Op-eds are a form of ghostwriting that, while not unknown, are quite uncommon in this context. Generally, leading figures have a media staff who, being in day-to-day contact with the “talent” or “byline” can navigate issues and produce the right words. Speech writing is the most usual form of this practice. But it is relatively rare that national political parties, for instance, or leading human rights figures would farm out the drafting to outsiders.
Most of my clients, though, had no money for a standard professional staff. Without one, it was clear they were struggling to be heard in the news media. That’s where I came in.
While I always chose my clients carefully, selecting those who broadly reflected my own pro-human rights and pro-social justice views, I wrote for them, not instead of them. It is the client who must stand and give the speech or whose name is on the comment, they who must suffer its consequences, and they who, it must be said, get the plaudits.

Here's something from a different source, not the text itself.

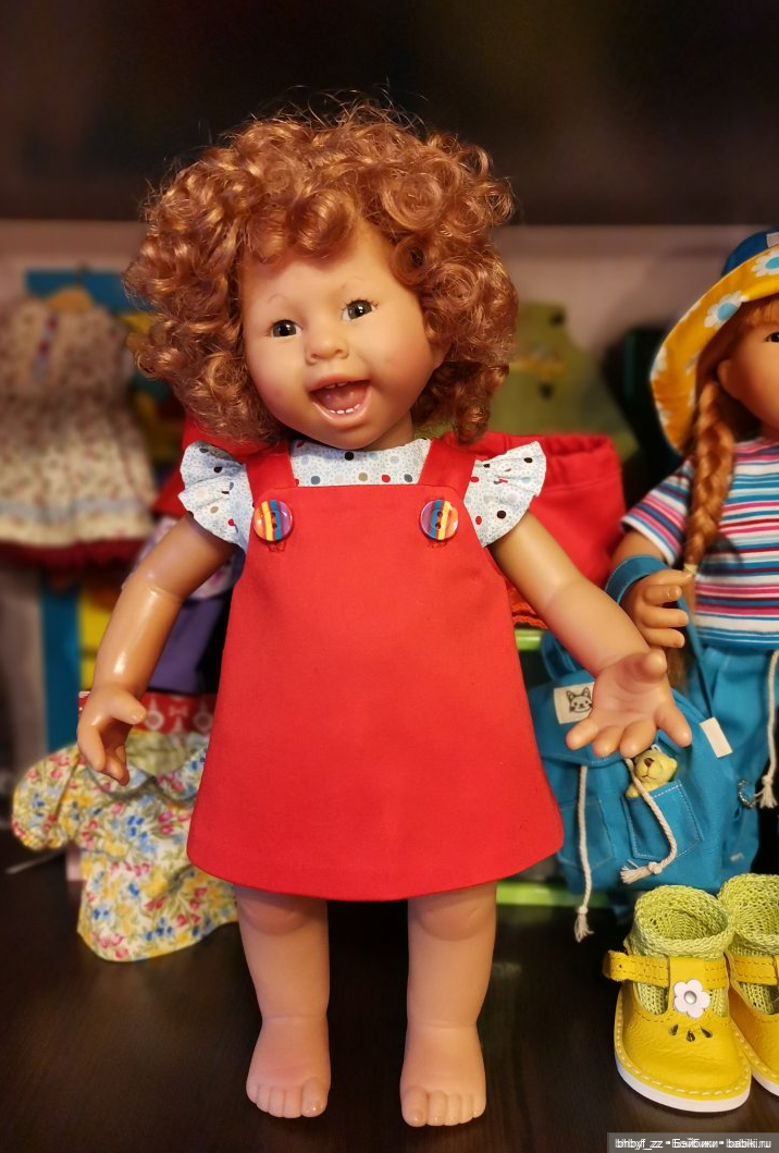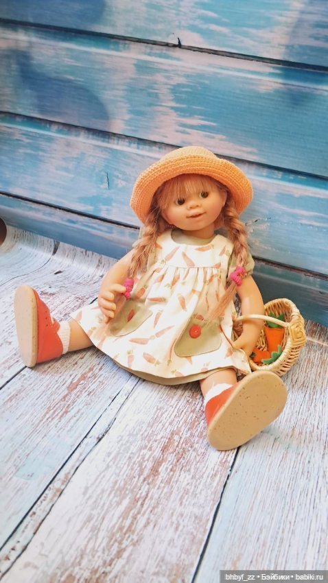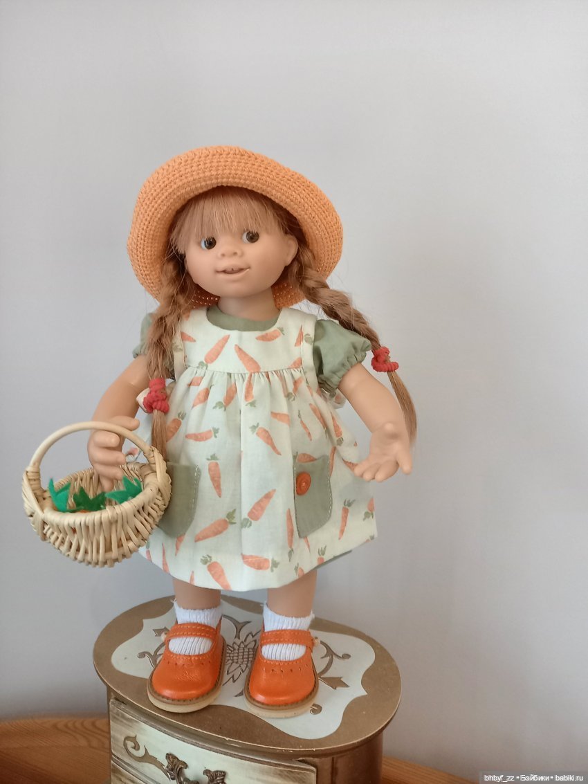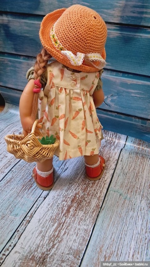 Аутфит состоит из 6 предметов. Аутфит Frieda 2019 года — это нижнее платье, верхнее с морковками, корзинка, носочки. Шляпка связана Ольгой Аникиной. Туфельки кожаные Wagner.

There is a delicate balance maintained by many ghost-writers who have gone before; they can give their heart and soul to their work, but still be prepared to take no credit for it. To paraphrase John F. Kennedy’s speechwriter, Ted Sorensen: I may write the words, but JFK was always the author. Other personal heroes like Don Watson and Graham Freudenberg, ghost-writers for Australian Prime Ministers Paul Keating and Gough Whitlam, respectively, had written some of my country’s most memorable and inspirational lines, yet never saw themselves as owning them. I, too, was happy to stay anonymous.
Politicians like the late Morgan Tsvangirai are different—clearly more inclined to take their place at the front of the crowd, in full glare of the lights and unprotected from the dangers, as I saw it, of political notoriety. From a simple upbringing in (Buhera), a rural area in south-central Zimbabwe (known as Rhodesia when he was born in 1952), Tsvangirai started working in a textile factory as a young man and then worked in nickel mines, where he rose into middle management.
I saw him as something of an imperfect hero in a land where popping your head above the parapet could get it knocked off. His character seemed admirable in that he stepped into the historic moment presented before him—an act that took courage and dedication—and maintained his line, despite the obstacles.
Some viewed him, rather, as flaky, organizationally inept, and philandering. He may have been all these things, but I was moved by his willingness to take the hits for his cause, sometimes literally.
I recognized in him an important voice in the fight against Mugabe’s seemingly unending dictatorship in Zimbabwe. The world, I surmised, needed him to state the alternative, to rally the so-called international community, and to publicize Mugabe’s violence and lies.